▸ Description of the task
Return all of the data exactly, omitting any images.

▸ Material to process
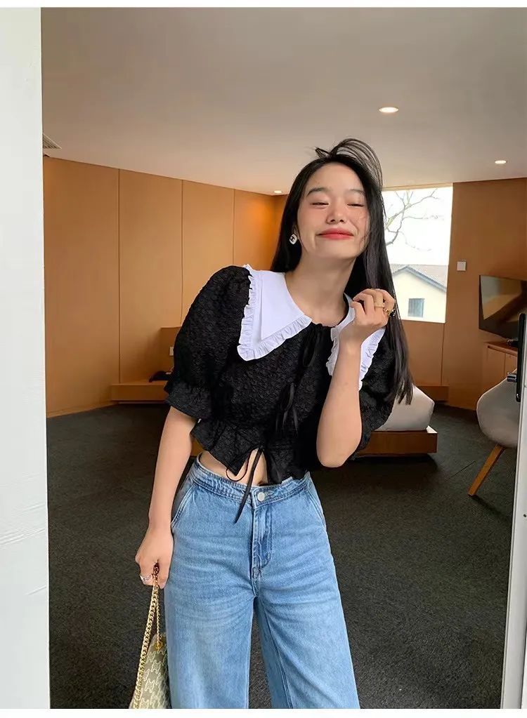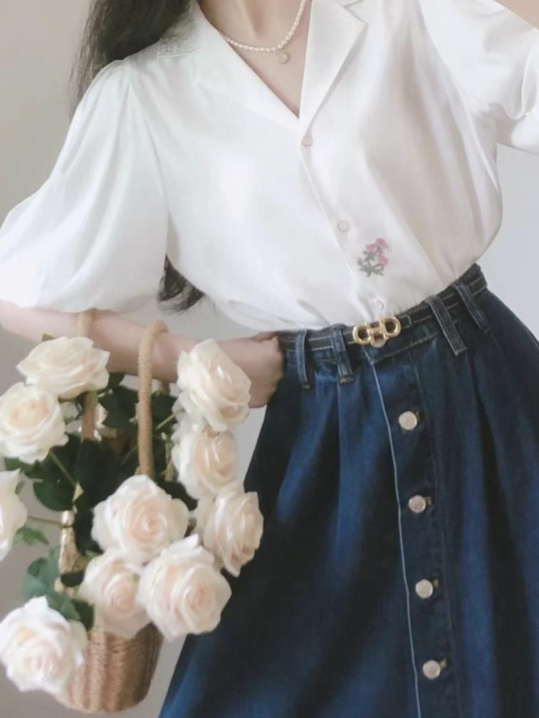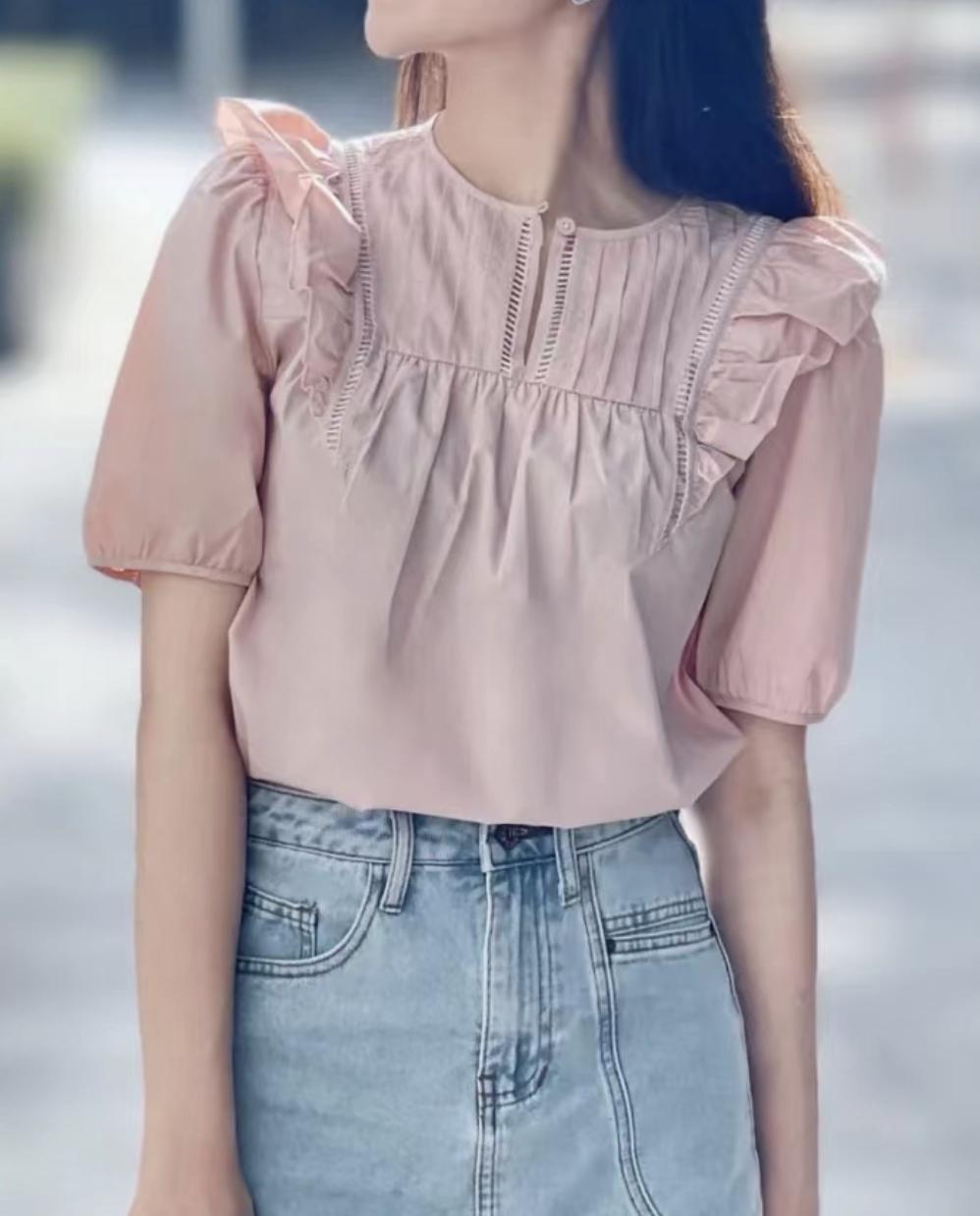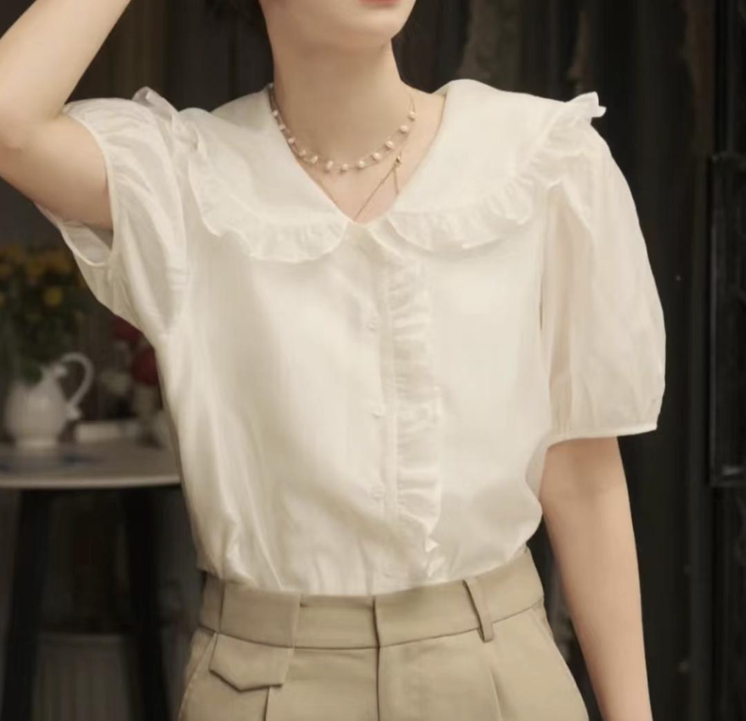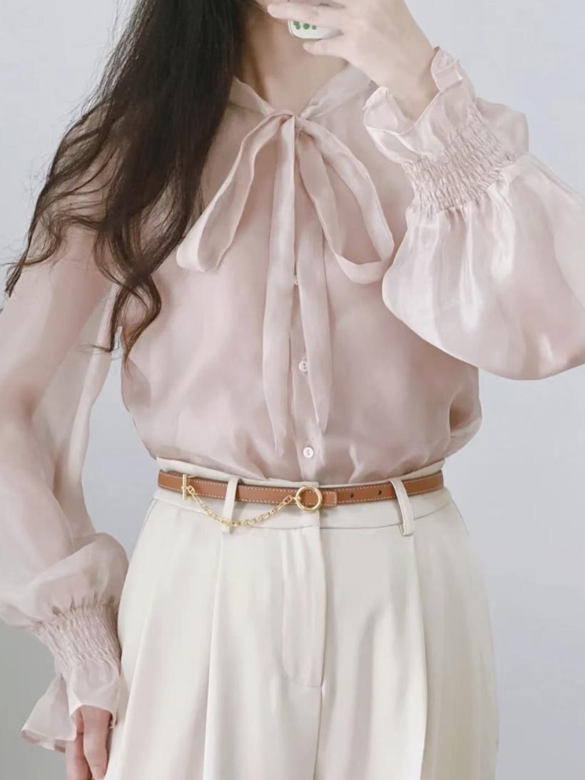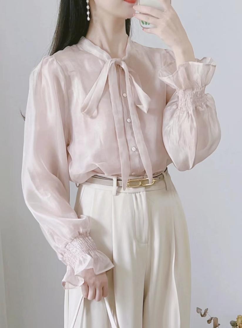 想要更透气轻薄一点的话,可以选雪纺布料的上衣。收口泡泡袖会显得更温柔,大翻领对胸部丰满的姐妹也很友好,对身材包容性也hin棒。
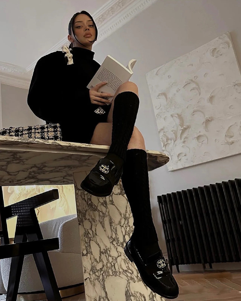 现货 THS 6.29-限时 香家 女士 厚底乐福鞋 双C水钻点缀乐福鞋 2色 BZ1185
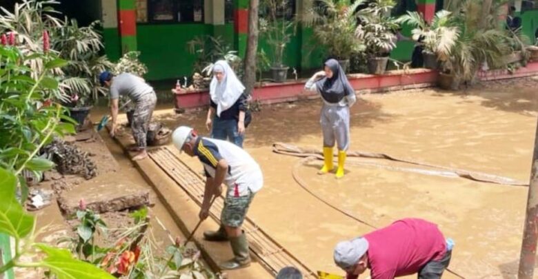 Meski banjir telah surut pada malamnya, namun material sampah dan lumpur masih menggenangi area sekolah. Warga sekolah berjibaku membersihkan material tersebut.
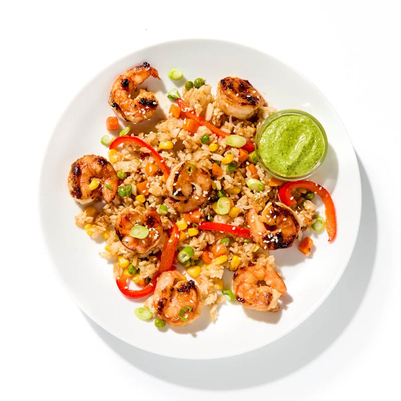 Peruvian Corn, Sesame Oil, Canola and Olive Oil Blend, Red Onion, Shrimp, Cilantro, Garlic, Egg, Light Soy Sauce, Jasmine Rice, Kosher Salt, Green Peas, Carrots, Jalapeno Peppers, Mayonnaise, Green Onion, Ginger, Oyster Sauce, Red Bell Pepper, Italian Parsley, Toasted Sesame Seeds
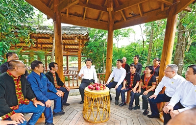 4月10日至13日,习近平在海南省委书记沈晓明、省长冯飞陪同下,先后来到三亚、五指山、儋州等地,深入科研单位、国家公园、黎族村寨、港口码头等进行调研。
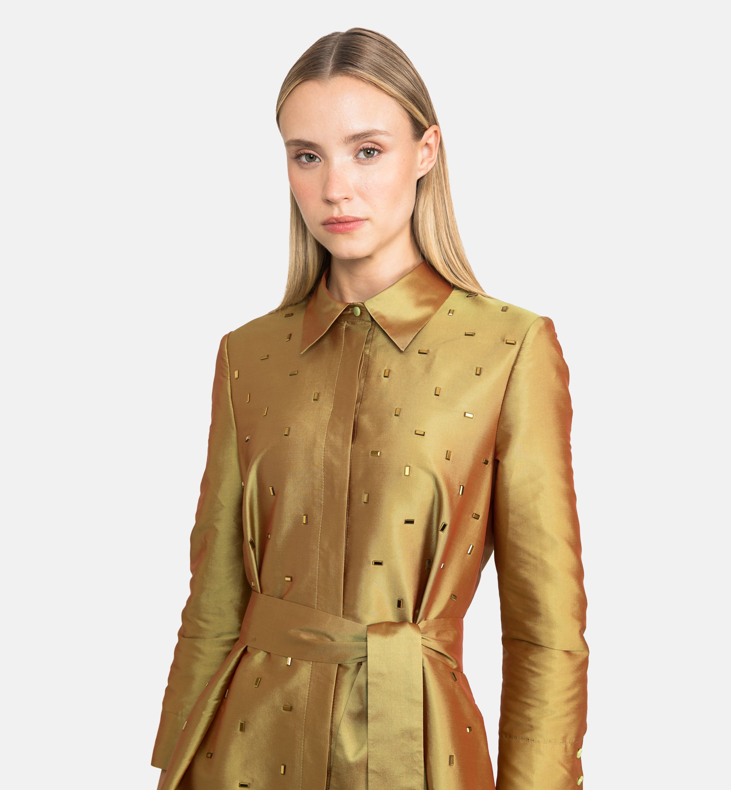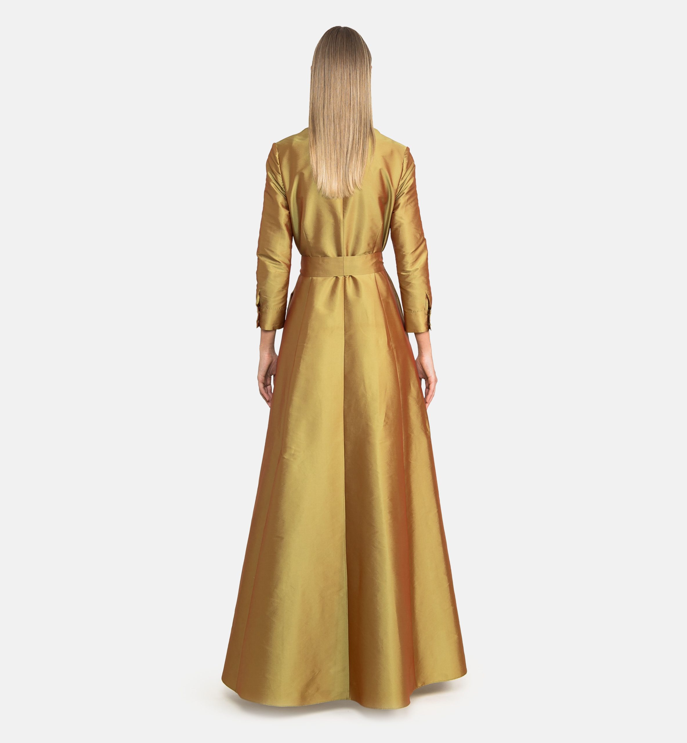 שמלה טפט מכופתרת מעוטרת אבנים מקסי, זהב
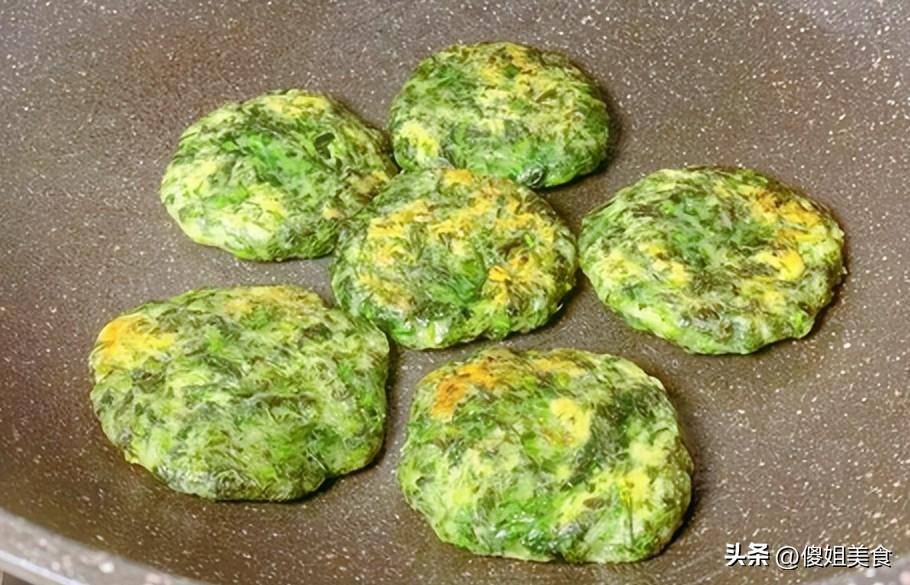 平底鍋裏倒油,不用太多,能鋪滿鍋底就行。油熱了之後,把做好的小餅一個個放進去。小火慢煎,看着小餅底部慢慢變成金黃色,上面還是好看的翠綠色,大概兩三分鐘,底部煎好了,翻個面繼續煎。這時候艾草的香味已經完全釋放出來了,混着油香,飄得滿屋子都是。兩面都煎到金黃,用鏟子按一下,感覺有彈性了,就說明熟了。出鍋裝盤,趁熱喫是最香的。
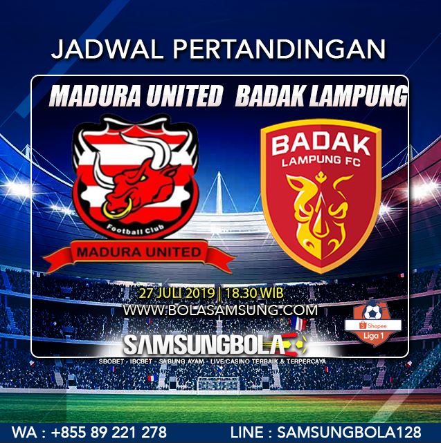 Samsungbola - Madura United akan bertanding melawan Badak Lampung pada lanjutan Sophee Liga 1 Indonesia yang berlangsung di Gelora Madura Ratu Pamelingan Stadium , Pamekasan pada Jumat (27/7/2019), pukul 18.30 WIB yang disiarkan melalui link live streaming dan INDOSIAR.
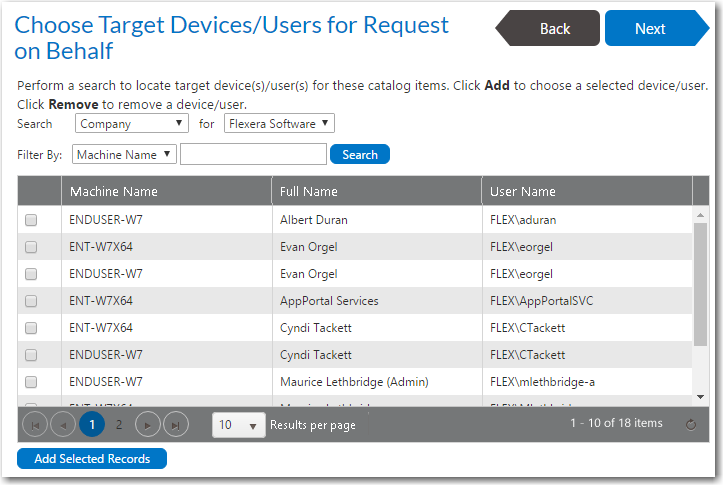 - Search for targets using the Filter By fields: User Name , Full Name or Machine Name .

▸ Exercise answer
 想要更透气轻薄一点的话,可以选雪纺布料的上衣。收口泡泡袖会显得更温柔,大翻领对胸部丰满的姐妹也很友好,对身材包容性也hin棒。
 现货 THS 6.29-限时 香家 女士 厚底乐福鞋 双C水钻点缀乐福鞋 2色 BZ1185
 Meski banjir telah surut pada malamnya, namun material sampah dan lumpur masih menggenangi area sekolah. Warga sekolah berjibaku membersihkan material tersebut.
 Peruvian Corn, Sesame Oil, Canola and Olive Oil Blend, Red Onion, Shrimp, Cilantro, Garlic, Egg, Light Soy Sauce, Jasmine Rice, Kosher Salt, Green Peas, Carrots, Jalapeno Peppers, Mayonnaise, Green Onion, Ginger, Oyster Sauce, Red Bell Pepper, Italian Parsley, Toasted Sesame Seeds
 4月10日至13日,习近平在海南省委书记沈晓明、省长冯飞陪同下,先后来到三亚、五指山、儋州等地,深入科研单位、国家公园、黎族村寨、港口码头等进行调研。
 שמלה טפט מכופתרת מעוטרת אבנים מקסי, זהב
 平底鍋裏倒油,不用太多,能鋪滿鍋底就行。油熱了之後,把做好的小餅一個個放進去。小火慢煎,看着小餅底部慢慢變成金黃色,上面還是好看的翠綠色,大概兩三分鐘,底部煎好了,翻個面繼續煎。這時候艾草的香味已經完全釋放出來了,混着油香,飄得滿屋子都是。兩面都煎到金黃,用鏟子按一下,感覺有彈性了,就說明熟了。出鍋裝盤,趁熱喫是最香的。
 Samsungbola - Madura United akan bertanding melawan Badak Lampung pada lanjutan Sophee Liga 1 Indonesia yang berlangsung di Gelora Madura Ratu Pamelingan Stadium , Pamekasan pada Jumat (27/7/2019), pukul 18.30 WIB yang disiarkan melalui link live streaming dan INDOSIAR.
 - Search for targets using the Filter By fields: User Name , Full Name or Machine Name .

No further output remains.